### The data

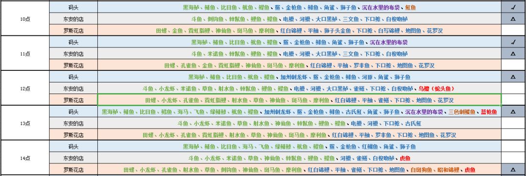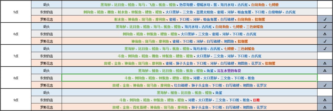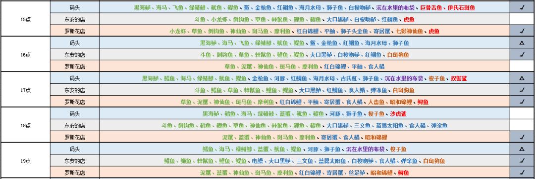 表格后面的推荐只是我个人建议,仅供参考。✓的意思代表“是当前时间段三个钓鱼点中适合钓鱼的地点”,△代表“可以选择”的意思,空白则是“不建议”的意思。我评价的标准是:该地点在当前时间段,稀有度低的鱼少,稀有度高的鱼多,整体鱼的品种少,那就是适合的。如果该时间段三个钓鱼点出现的鱼种类和低稀有度鱼均较多,那么就选择去出现更多高稀有度鱼的钓鱼点,毕竟相同条件下稀有鱼多点还是更好,万一钓到呢。→_→
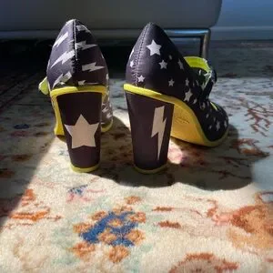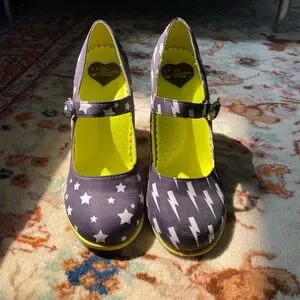 These stylish Hot Chocolate Design shoes feature a fun star and lightning pattern, perfect for adding a playful touch to any outfit. Fantastic for costumes and also comfortable enough for daily wear. The vibrant yellow interior adds a pop of color, ensuring comfort and style. Women’s size 6.
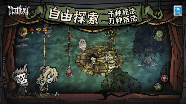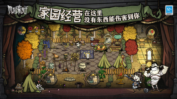 在继承基础上,《饥困荒野》并非简单移植,而是进行了结构性升级:新增多文明阵营设定与主线剧情章节,扩展生物图鉴并引入具备生态互动逻辑的新物种;构建家园建造与社交协作系统,支持玩家自定义角色外观与初始属性;原《饥荒》中的经典角色(如威尔逊、薇洛等)以高辨识度NPC身份回归,提供任务指引与世界叙事锚点,增强沉浸感与代入深度。
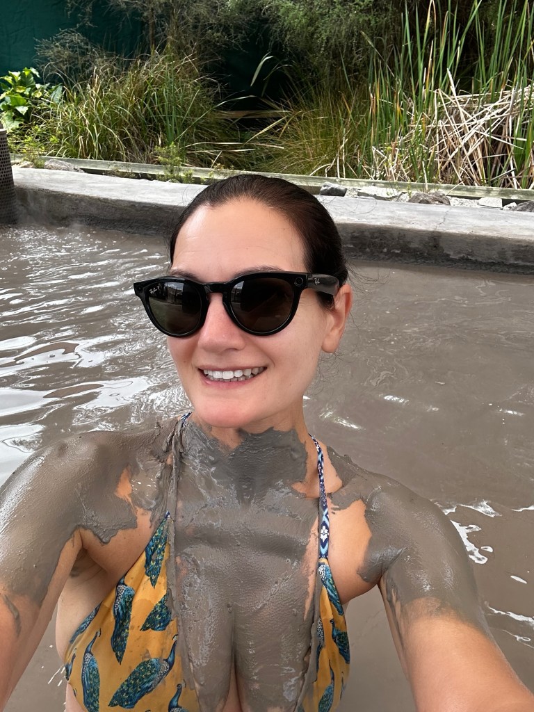 After walking the path I changed into my swimwear and was directed to a mud spa. When I say mud spa, I really mean mud spa, think like a backyard jacuzzi spa but full of thick mud on the bottom, muddy water, and a basket of fresh made (directly from a certain mud pool in the geothermal park each day) to pull from to rub on your body. Supposedly 20 minutes is the ideal mudding time. A couple was in the spa when I was first directed but left soon thereafter and I sat listening to music, rubbing mud all over myself, and trying not to get bored. Just when I was reaching peak boredom and about to call it on my own, the attendant came over to let me know I’d hit the 20 minute mark. Perfect. I rinsed off in the outdoor shower and made my way into the sulphur spa. This time a “fresh” clear water with sulphur waters piped in from the geothermal park each day. I was getting antsy though and after about two minutes my boredom got the best of me. I retrieved my locker (ie: a plastic bin that the attendants watch over) and spent an excessive amount of time in the changing room shower soaping myself up and trying to wash the eau de sulphur scent off of me.
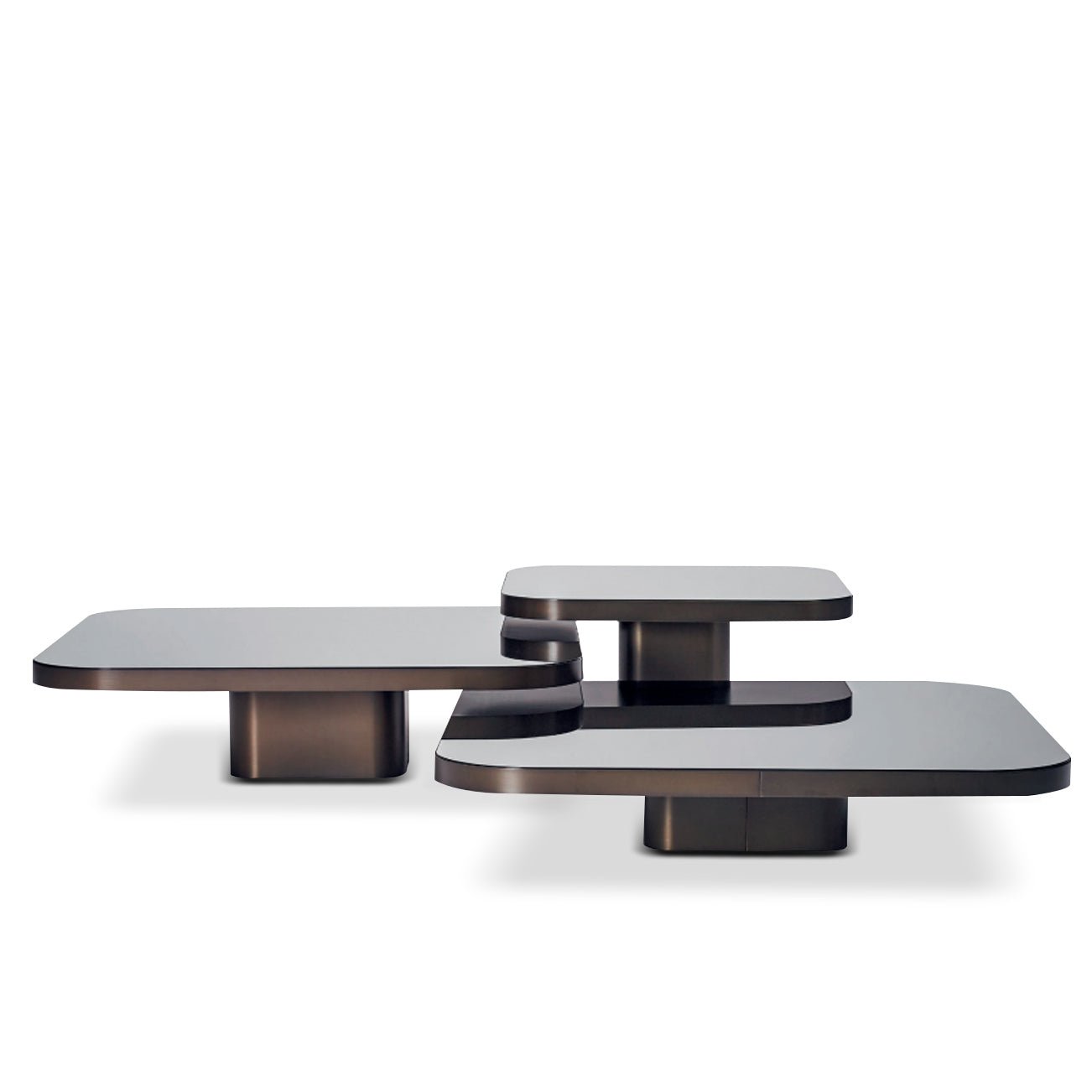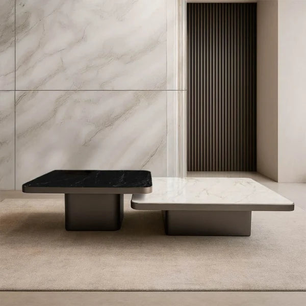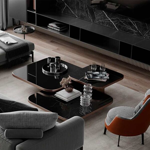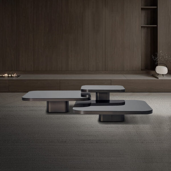 The Personally coffee table stands out as a one of a kind and adaptable design element. It consists of three pieces, each varying in size and height creating a captivating stepped effect that enhances the visual appeal of your living space. The table's top surface, crafted from stones seamlessly merges with the metal base. Moreover, Personally provides you with the option to customize the finishes according to your preferences enabling you to fashion an opulent ambiance.

######

Task to carry out ->
Where pictures sit among the data above, omit them, and output the rest exactly.

Solution for this task ->
 表格后面的推荐只是我个人建议,仅供参考。✓的意思代表“是当前时间段三个钓鱼点中适合钓鱼的地点”,△代表“可以选择”的意思,空白则是“不建议”的意思。我评价的标准是:该地点在当前时间段,稀有度低的鱼少,稀有度高的鱼多,整体鱼的品种少,那就是适合的。如果该时间段三个钓鱼点出现的鱼种类和低稀有度鱼均较多,那么就选择去出现更多高稀有度鱼的钓鱼点,毕竟相同条件下稀有鱼多点还是更好,万一钓到呢。→_→
 These stylish Hot Chocolate Design shoes feature a fun star and lightning pattern, perfect for adding a playful touch to any outfit. Fantastic for costumes and also comfortable enough for daily wear. The vibrant yellow interior adds a pop of color, ensuring comfort and style. Women’s size 6.
 在继承基础上,《饥困荒野》并非简单移植,而是进行了结构性升级:新增多文明阵营设定与主线剧情章节,扩展生物图鉴并引入具备生态互动逻辑的新物种;构建家园建造与社交协作系统,支持玩家自定义角色外观与初始属性;原《饥荒》中的经典角色(如威尔逊、薇洛等)以高辨识度NPC身份回归,提供任务指引与世界叙事锚点,增强沉浸感与代入深度。
 After walking the path I changed into my swimwear and was directed to a mud spa. When I say mud spa, I really mean mud spa, think like a backyard jacuzzi spa but full of thick mud on the bottom, muddy water, and a basket of fresh made (directly from a certain mud pool in the geothermal park each day) to pull from to rub on your body. Supposedly 20 minutes is the ideal mudding time. A couple was in the spa when I was first directed but left soon thereafter and I sat listening to music, rubbing mud all over myself, and trying not to get bored. Just when I was reaching peak boredom and about to call it on my own, the attendant came over to let me know I’d hit the 20 minute mark. Perfect. I rinsed off in the outdoor shower and made my way into the sulphur spa. This time a “fresh” clear water with sulphur waters piped in from the geothermal park each day. I was getting antsy though and after about two minutes my boredom got the best of me. I retrieved my locker (ie: a plastic bin that the attendants watch over) and spent an excessive amount of time in the changing room shower soaping myself up and trying to wash the eau de sulphur scent off of me.
 The Personally coffee table stands out as a one of a kind and adaptable design element. It consists of three pieces, each varying in size and height creating a captivating stepped effect that enhances the visual appeal of your living space. The table's top surface, crafted from stones seamlessly merges with the metal base. Moreover, Personally provides you with the option to customize the finishes according to your preferences enabling you to fashion an opulent ambiance.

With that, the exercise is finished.